Aim of the task: Once the pictures are removed, return each record below exactly as written.

(Dataset items)

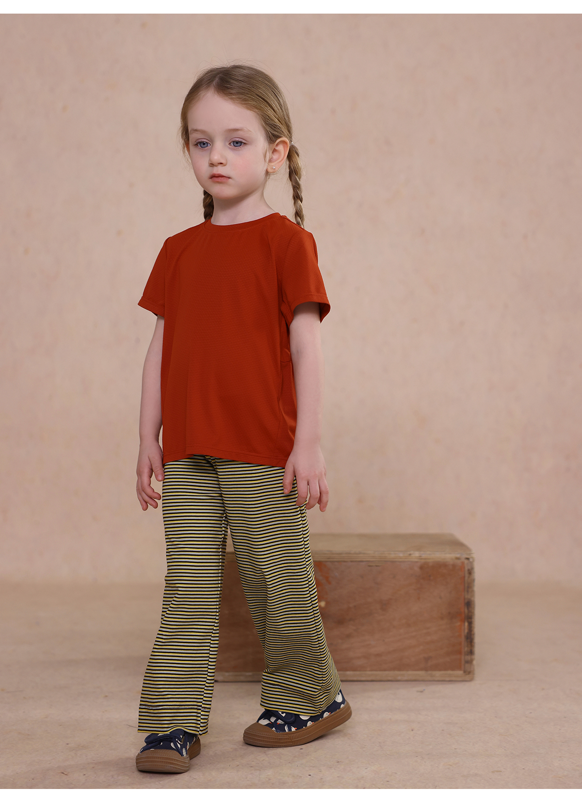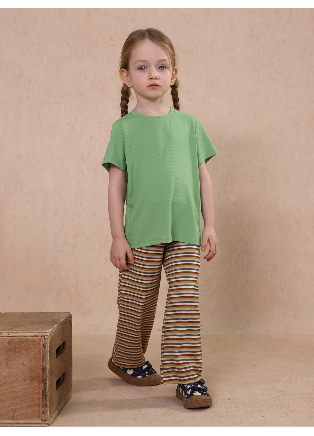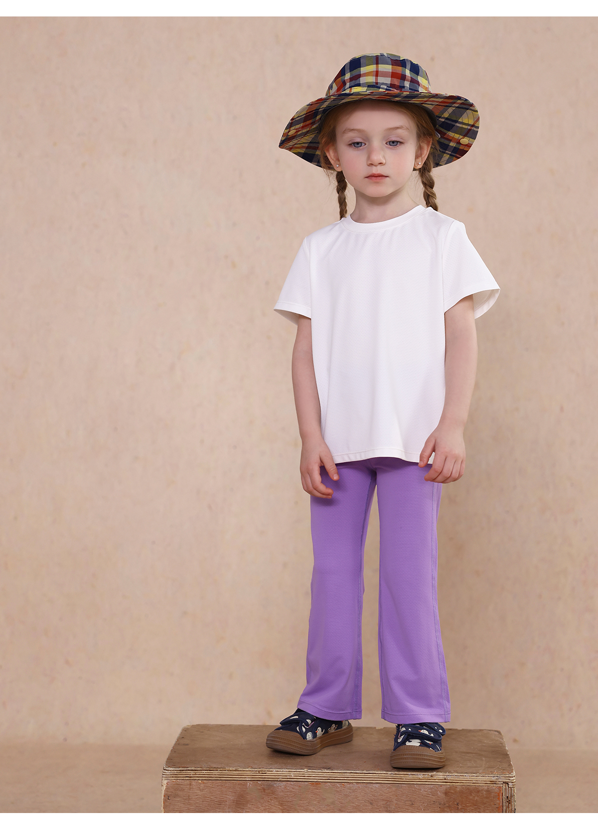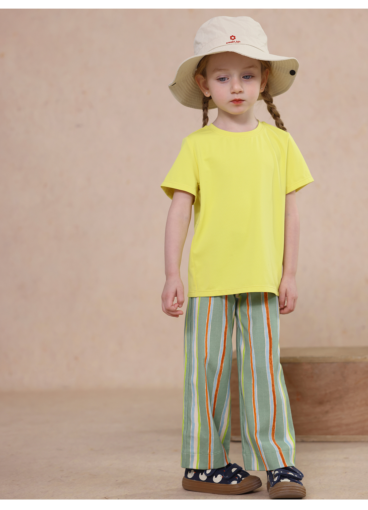 通気性と軽さを兼ね備えた、女の子向けの夏用サンスクリーンTシャツです。UPF50+の紫外線カット効果で、外遊びやお出かけ時のUV対策にしっかり対応。速乾性のあるメッシュ風素材は汗ばむ季節でも快適な着心地を保ち、さらりとした肌触りが特徴です。デザインは海外テイストを取り入れた洗練された印象で、シンプルながらコーディネートのアクセントにもなる一枚です。
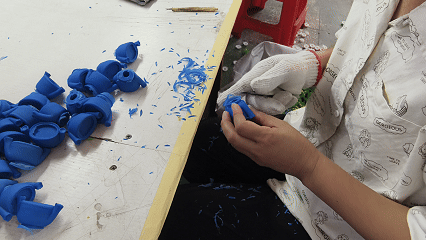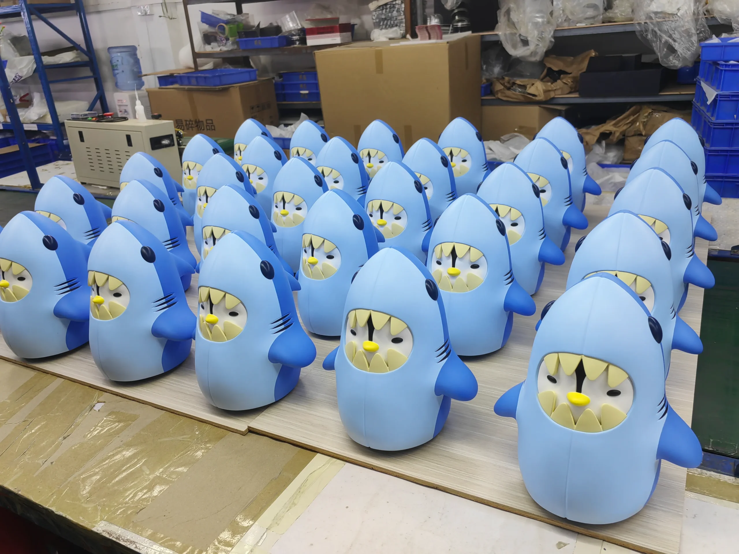 To produce Vinyl toys, one must first create a 3D model based on the design and then disassemble the 3D model according to the coloring scheme. Next, a vinyl mold is created based on the disassembled 3D model, and then toy vinyl parts are produced using the vinyl mold. The produced vinyl parts need to be manually trimmed to remove excess water gates, and the surfaces of the vinyl parts must be manually polished to make them smooth and easy to color. After that, they are sprayed with color according to the color of each component, followed by logo transfer printing. Finally, the parts are assembled and packaged into the finished vinyl toys.
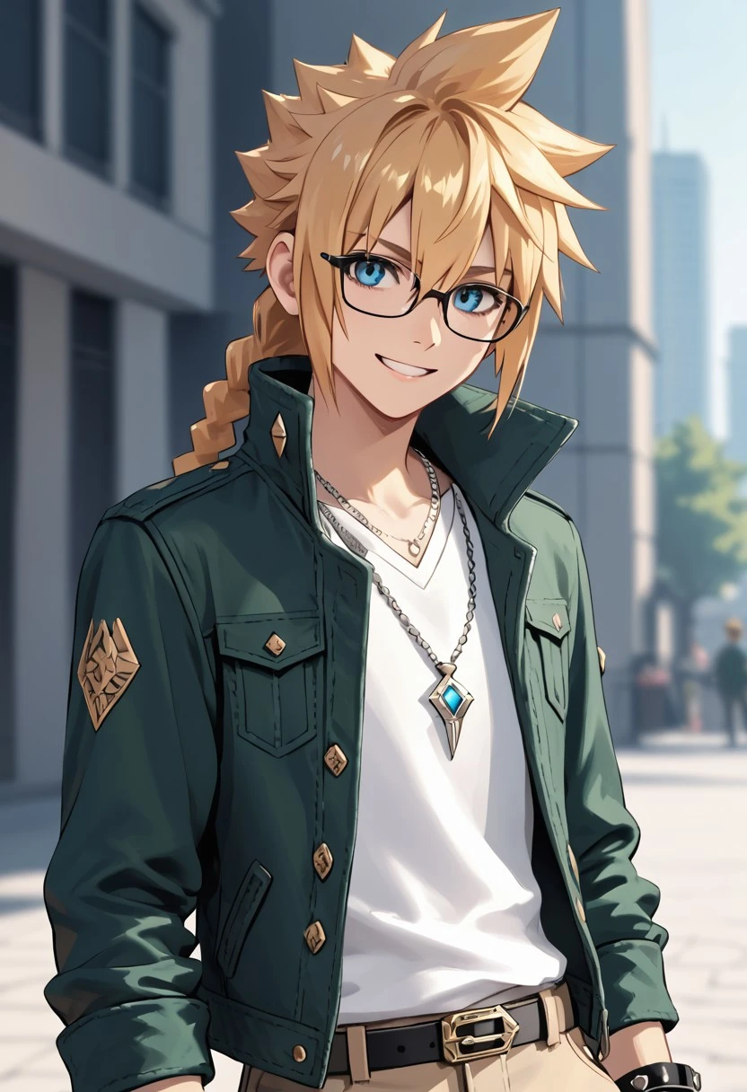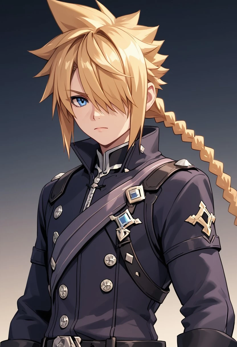 blonde hair,long hair,braided ponytail,spiked hair,single braids,blue eyes,
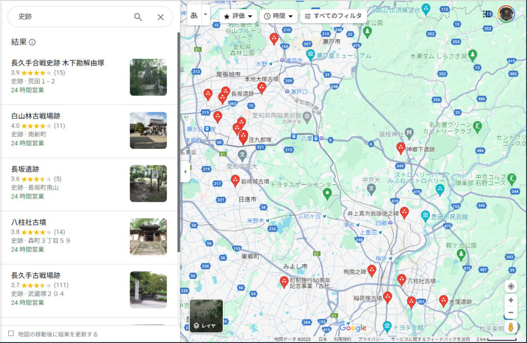 地図アプリに「史跡」と入力して検索してみましょう。
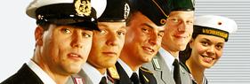 Logo der Seite "bundeswehr.de". Wurde verfälscht. Der letzte Soldat (Matrose) wurde durch eine Frau ersetzt.
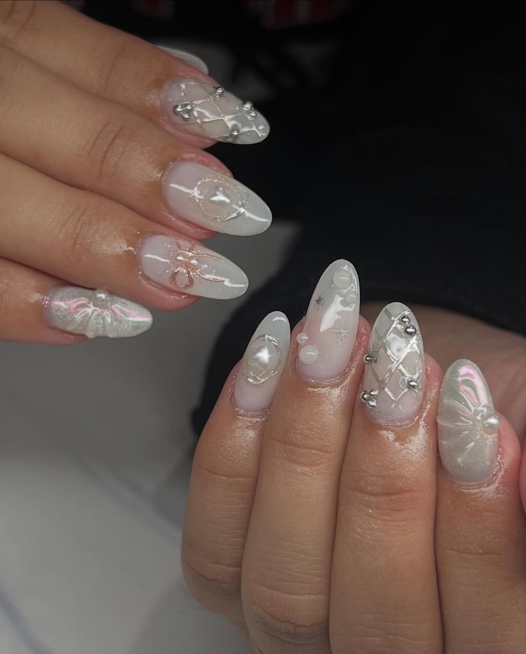 It’s bridal, but make it from another planet. Pearlescent bows, holographic grids, chrome butterflies, floating hearts—every nail is an alien love letter to your inner glam queen. The icy-white base glows like moonlight, while silver embellishments scatter across like constellations on a bridal galaxy.
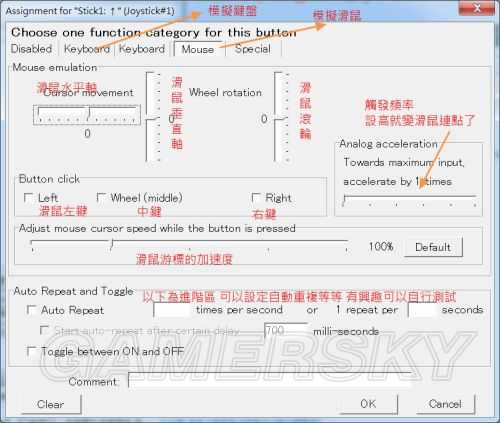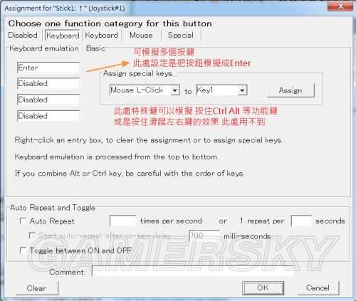 如上图就是模拟成Enter 因为轩六控制并不复杂所以多组按键自动连发或是复合键都用不到~ 而第二页的keyboard 那是设定类似巨集的功能有兴趣的人就自己玩吧
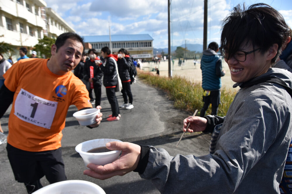 無事、皆が走り終わった後は、大会側より温かいぜんざいを用意して頂き、駅伝の感想などを話し合い楽しい時間になりました。
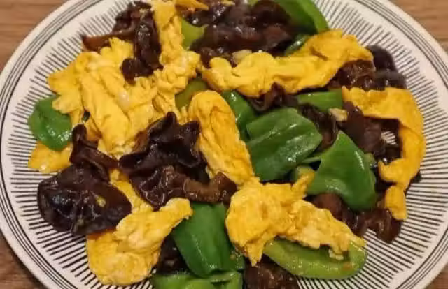 (1)木耳泡發,青椒切塊、雞蛋碗中打散、碗中倒油,油熱以後放雞蛋炒至定型盛出備用
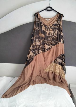 Bellissimo vestito marca Sweet Miss senza maniche, con una linea asimmetrica. Usato pochissime volte, pari al nuovo. Taglia L/XL, ecco alcune misure: larghezza sotto ascelle circa cm 60, poi si allarga con ampia vestibilità. La lunghezza è variabile essendo asimmetrico, è lungo sui fianchi e più corto davanti e dietro, dettagli in foto. Ha un laccetto decorativo sul retro e ha una fodera tipo maglina leggera. - Perfetto per un look casual chic. - Modello estivo e leggero. - Stampa con scritte in nero e beige. - Dettagli in pizzo.
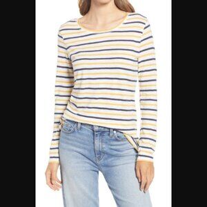 Nordstrom CASLON Long Sleeve Crewneck T-shirt In Ivory Yellow Navy Stripe $29.00
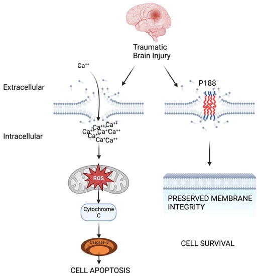 Schematic depicting how P188 mitigates TBI-induced cellular membrane permeability, thus preventing dysregulated calcium influx, reactive oxygen species (ROS) formation, and activation of apoptotic signaling cascades.
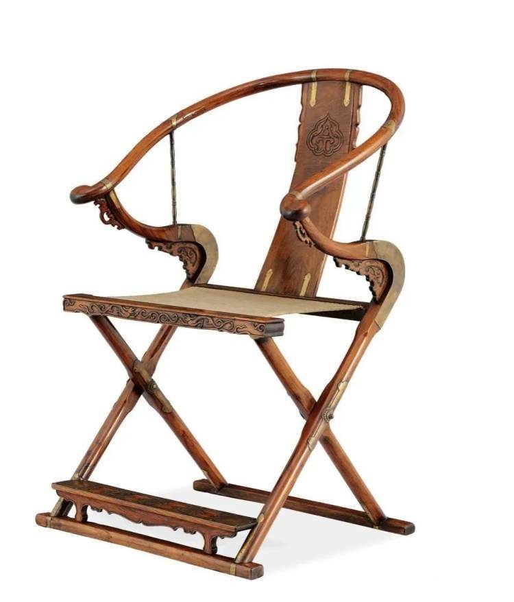在明代古典家具中,有交椅、圈椅、官帽椅三分天下之说。圈椅简洁,官帽椅典雅,而交椅则古朴拙趣、造型脱俗。交椅是家具中稀少且重要的品类。自宋以来,皇帝出行的大驾卤薄中,便有交椅,明清依然延续,如明代《大明集礼》、清代《皇朝礼器图式》等,皆有反映,帝王或官员画像,也以坐交椅为例程。在《乾隆帝岁朝行乐图》等清代的不同宫廷绘画中,我们也可以看到皇帝在行宫或者园林时,大多坐在交椅上,随从随侍左右。
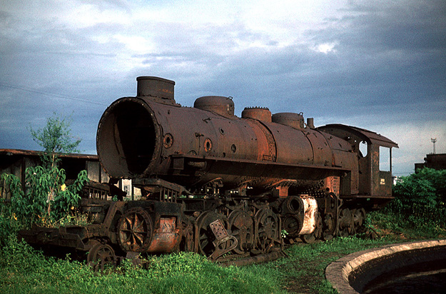 Java always boasted more than its fair share of wrecks. This one at Sidotopo on 6th May 1973 appears to be the remains of a DD51 2-8-8-0 Mallet. (PM) |
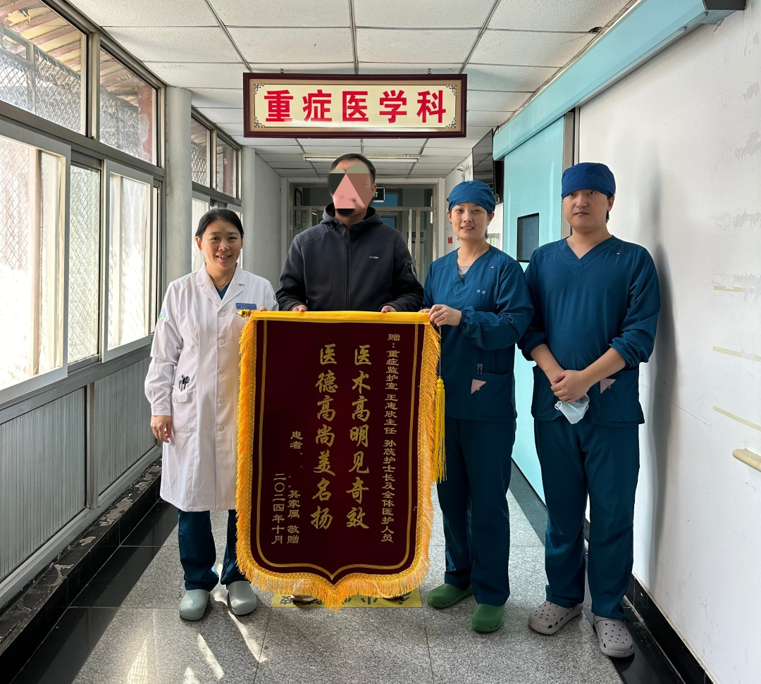 近日,北京中医药大学房山医院重症医学科收治一位肺胀需要血滤治疗的患者,病情非常危急。转入重症医学科后,医护团队迅速行动,医生们凭借精湛的医术和丰富经验准确判断病情,制定科学治疗方案,一方面采用现代医学血滤、抗感染、解痉平喘等治疗手段,另一方面运用中医针灸,穴位贴敷,中草药等调理患者身体机能。护士们24小时悉心守护,精心护理,时刻关注患者细微变化。经过不懈努力,患者病情逐渐好转,最终康复出院,家属特地送锦旗表达感谢。

Your solution:
 通気性と軽さを兼ね備えた、女の子向けの夏用サンスクリーンTシャツです。UPF50+の紫外線カット効果で、外遊びやお出かけ時のUV対策にしっかり対応。速乾性のあるメッシュ風素材は汗ばむ季節でも快適な着心地を保ち、さらりとした肌触りが特徴です。デザインは海外テイストを取り入れた洗練された印象で、シンプルながらコーディネートのアクセントにもなる一枚です。
 To produce Vinyl toys, one must first create a 3D model based on the design and then disassemble the 3D model according to the coloring scheme. Next, a vinyl mold is created based on the disassembled 3D model, and then toy vinyl parts are produced using the vinyl mold. The produced vinyl parts need to be manually trimmed to remove excess water gates, and the surfaces of the vinyl parts must be manually polished to make them smooth and easy to color. After that, they are sprayed with color according to the color of each component, followed by logo transfer printing. Finally, the parts are assembled and packaged into the finished vinyl toys.
 blonde hair,long hair,braided ponytail,spiked hair,single braids,blue eyes,
 地図アプリに「史跡」と入力して検索してみましょう。
 Logo der Seite "bundeswehr.de". Wurde verfälscht. Der letzte Soldat (Matrose) wurde durch eine Frau ersetzt.
 It’s bridal, but make it from another planet. Pearlescent bows, holographic grids, chrome butterflies, floating hearts—every nail is an alien love letter to your inner glam queen. The icy-white base glows like moonlight, while silver embellishments scatter across like constellations on a bridal galaxy.
 如上图就是模拟成Enter 因为轩六控制并不复杂所以多组按键自动连发或是复合键都用不到~ 而第二页的keyboard 那是设定类似巨集的功能有兴趣的人就自己玩吧
 無事、皆が走り終わった後は、大会側より温かいぜんざいを用意して頂き、駅伝の感想などを話し合い楽しい時間になりました。
 (1)木耳泡發,青椒切塊、雞蛋碗中打散、碗中倒油,油熱以後放雞蛋炒至定型盛出備用
 Bellissimo vestito marca Sweet Miss senza maniche, con una linea asimmetrica. Usato pochissime volte, pari al nuovo. Taglia L/XL, ecco alcune misure: larghezza sotto ascelle circa cm 60, poi si allarga con ampia vestibilità. La lunghezza è variabile essendo asimmetrico, è lungo sui fianchi e più corto davanti e dietro, dettagli in foto. Ha un laccetto decorativo sul retro e ha una fodera tipo maglina leggera. - Perfetto per un look casual chic. - Modello estivo e leggero. - Stampa con scritte in nero e beige. - Dettagli in pizzo.
 Nordstrom CASLON Long Sleeve Crewneck T-shirt In Ivory Yellow Navy Stripe $29.00
 Schematic depicting how P188 mitigates TBI-induced cellular membrane permeability, thus preventing dysregulated calcium influx, reactive oxygen species (ROS) formation, and activation of apoptotic signaling cascades.
在明代古典家具中,有交椅、圈椅、官帽椅三分天下之说。圈椅简洁,官帽椅典雅,而交椅则古朴拙趣、造型脱俗。交椅是家具中稀少且重要的品类。自宋以来,皇帝出行的大驾卤薄中,便有交椅,明清依然延续,如明代《大明集礼》、清代《皇朝礼器图式》等,皆有反映,帝王或官员画像,也以坐交椅为例程。在《乾隆帝岁朝行乐图》等清代的不同宫廷绘画中,我们也可以看到皇帝在行宫或者园林时,大多坐在交椅上,随从随侍左右。
 Java always boasted more than its fair share of wrecks. This one at Sidotopo on 6th May 1973 appears to be the remains of a DD51 2-8-8-0 Mallet. (PM) |
 近日,北京中医药大学房山医院重症医学科收治一位肺胀需要血滤治疗的患者,病情非常危急。转入重症医学科后,医护团队迅速行动,医生们凭借精湛的医术和丰富经验准确判断病情,制定科学治疗方案,一方面采用现代医学血滤、抗感染、解痉平喘等治疗手段,另一方面运用中医针灸,穴位贴敷,中草药等调理患者身体机能。护士们24小时悉心守护,精心护理,时刻关注患者细微变化。经过不懈努力,患者病情逐渐好转,最终康复出院,家属特地送锦旗表达感谢。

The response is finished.